* [EXERCISE INSTRUCTIONS] Below are the records to transcribe exactly; do not include any images.

* [ENTRIES SUPPLIED]
☆ ☆ ☆ ☆ ☆ ☆ ☆

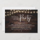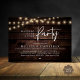Woth joyius hearts, announce and share your happily ever after in style with our modern rustic string lights, grey cottage dark wood theme design "Happily ever after party" wedding elopement or reception dinner and dancing celebration invitation card. It is ideal for couples who have decided to celebrate their best day. With its sophisticated yet playful design, this invitation is sure to set the tone for an unforgettable event. The invitation card features a modern and minimalist script design theme, adding a touch of timeless elegance to your celebration. Designed by TeeshaDerrick
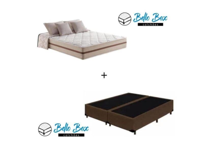 Base Box King Tecido Sintético Marrom com Colchão Pillow Angel - Bello Box - Molas Ensacadas 62x193x203
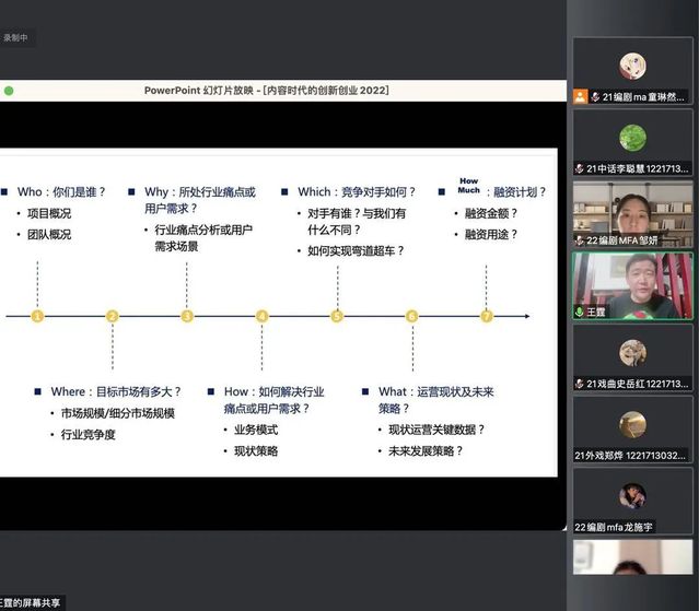 2022年11月10日下午,“迎挑战 博双创”系列活动——“文化创意与创新创业”讲座在腾讯会议线上举行。本次讲座邀请到骑鲸客文化投资董事长、上海戏剧学院创业导师王霆老师,为戏文学子们进行有关创新创业的思路梳理和经验分享。
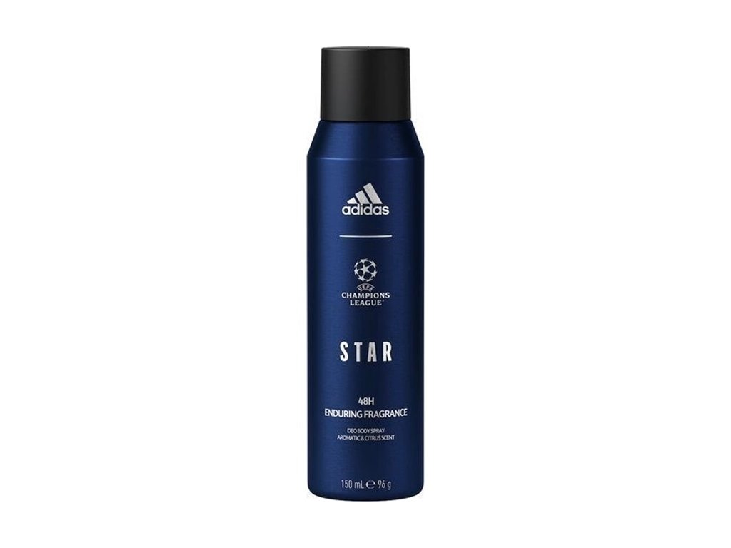 Deodorant ve spreji Adidas UEFA STAR oslavuje nejpamátnější fotbalové momenty aromatickým a svěžím složením. Okamžitá svěžest a dlouhotrvající vůně až 48 hodin.
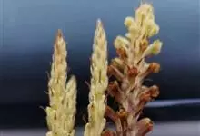 黄花列当是列当科、列当属植物。二年生或多年生草本,株高10-40厘米,全株密被腺毛。茎不分枝,直立,基部稍膨大。叶卵状披针形或披针形,干后黄褐色。花序穗状,圆柱形,长8-20厘米,顶端锥状,…全部>>
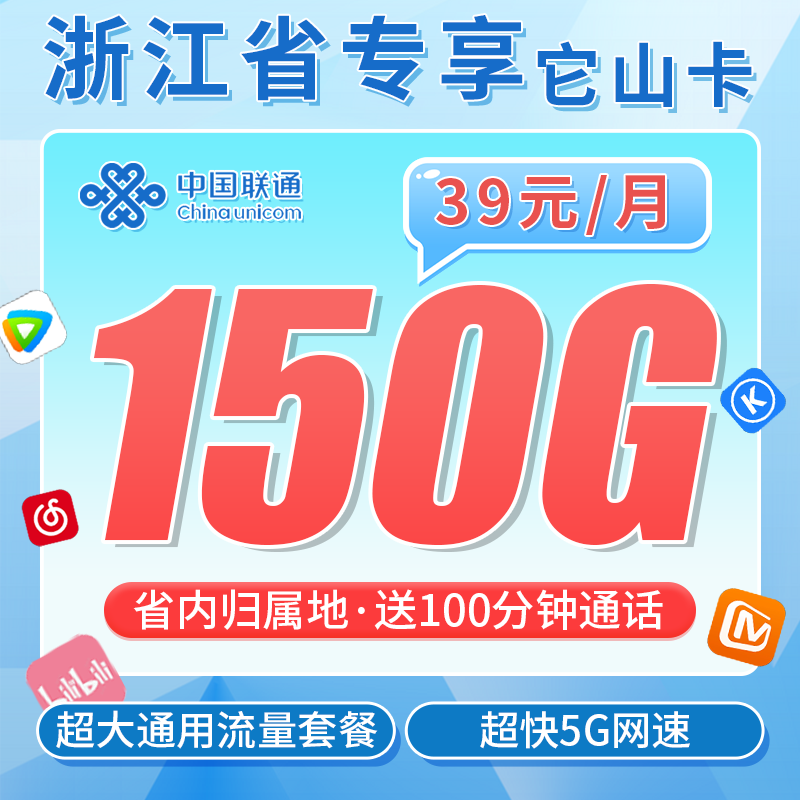 联通它山卡39元150G+100分钟+浙江专属!
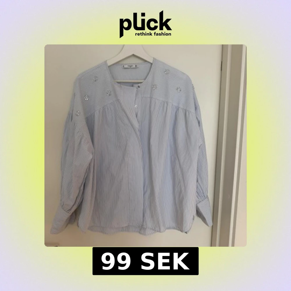 Säljer en stilren blå- och vitrandig blus från Mango med dekorativa pärlor på axlarna. Blusen har långa ärmar och en avslappnad passform, perfekt för en chic look. Den är tillverkad i ett lätt och bekvämt material.
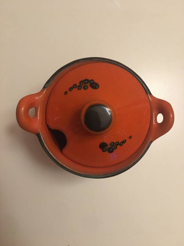 Deze oranje, met de hand beschilderde suikerpot is een must have voor iedere vintage fanatic, de unieke afbeelding van een zeepaard maakt het een unieke eyecather voor op tafel.
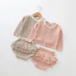 Lovely baby knit sweater and diaper covers 2 piece set for newborn & infant girls. Long sleeve plain solid color sweater. Crewneck neckline with lace for a cozy fit. Pull-on diaper covers with stretchy waistband for quick fitting. Ruffle lace on bloomers shorts. Made from softest woven against delicate skin. Clothing is for hand wash only. More sizes and colors are available for this baby clothing set.
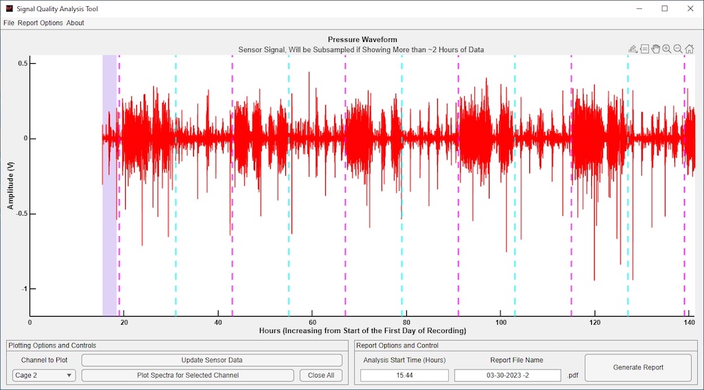 The Signal Quality Analysis Tool is a companion software that creates a visualization of sensor data to check for signal quality and noise interference in files from PiezoSleep recordings. This program creates summary reports useful for assessing the impact of the noise and identifying problems related to cage placements and other interfering activities in the environment. These reports are saved as PDF files, which can be archived and compared to run tests periodically.

☆ ☆ ☆ ☆ ☆ ☆ ☆

* [RESPONSE FOR THIS EXERCISE]
Woth joyius hearts, announce and share your happily ever after in style with our modern rustic string lights, grey cottage dark wood theme design "Happily ever after party" wedding elopement or reception dinner and dancing celebration invitation card. It is ideal for couples who have decided to celebrate their best day. With its sophisticated yet playful design, this invitation is sure to set the tone for an unforgettable event. The invitation card features a modern and minimalist script design theme, adding a touch of timeless elegance to your celebration. Designed by TeeshaDerrick
 Base Box King Tecido Sintético Marrom com Colchão Pillow Angel - Bello Box - Molas Ensacadas 62x193x203
 2022年11月10日下午,“迎挑战 博双创”系列活动——“文化创意与创新创业”讲座在腾讯会议线上举行。本次讲座邀请到骑鲸客文化投资董事长、上海戏剧学院创业导师王霆老师,为戏文学子们进行有关创新创业的思路梳理和经验分享。
 Deodorant ve spreji Adidas UEFA STAR oslavuje nejpamátnější fotbalové momenty aromatickým a svěžím složením. Okamžitá svěžest a dlouhotrvající vůně až 48 hodin.
 黄花列当是列当科、列当属植物。二年生或多年生草本,株高10-40厘米,全株密被腺毛。茎不分枝,直立,基部稍膨大。叶卵状披针形或披针形,干后黄褐色。花序穗状,圆柱形,长8-20厘米,顶端锥状,…全部>>
 联通它山卡39元150G+100分钟+浙江专属!
 Säljer en stilren blå- och vitrandig blus från Mango med dekorativa pärlor på axlarna. Blusen har långa ärmar och en avslappnad passform, perfekt för en chic look. Den är tillverkad i ett lätt och bekvämt material.
 Deze oranje, met de hand beschilderde suikerpot is een must have voor iedere vintage fanatic, de unieke afbeelding van een zeepaard maakt het een unieke eyecather voor op tafel.
 Lovely baby knit sweater and diaper covers 2 piece set for newborn & infant girls. Long sleeve plain solid color sweater. Crewneck neckline with lace for a cozy fit. Pull-on diaper covers with stretchy waistband for quick fitting. Ruffle lace on bloomers shorts. Made from softest woven against delicate skin. Clothing is for hand wash only. More sizes and colors are available for this baby clothing set.
 The Signal Quality Analysis Tool is a companion software that creates a visualization of sensor data to check for signal quality and noise interference in files from PiezoSleep recordings. This program creates summary reports useful for assessing the impact of the noise and identifying problems related to cage placements and other interfering activities in the environment. These reports are saved as PDF files, which can be archived and compared to run tests periodically.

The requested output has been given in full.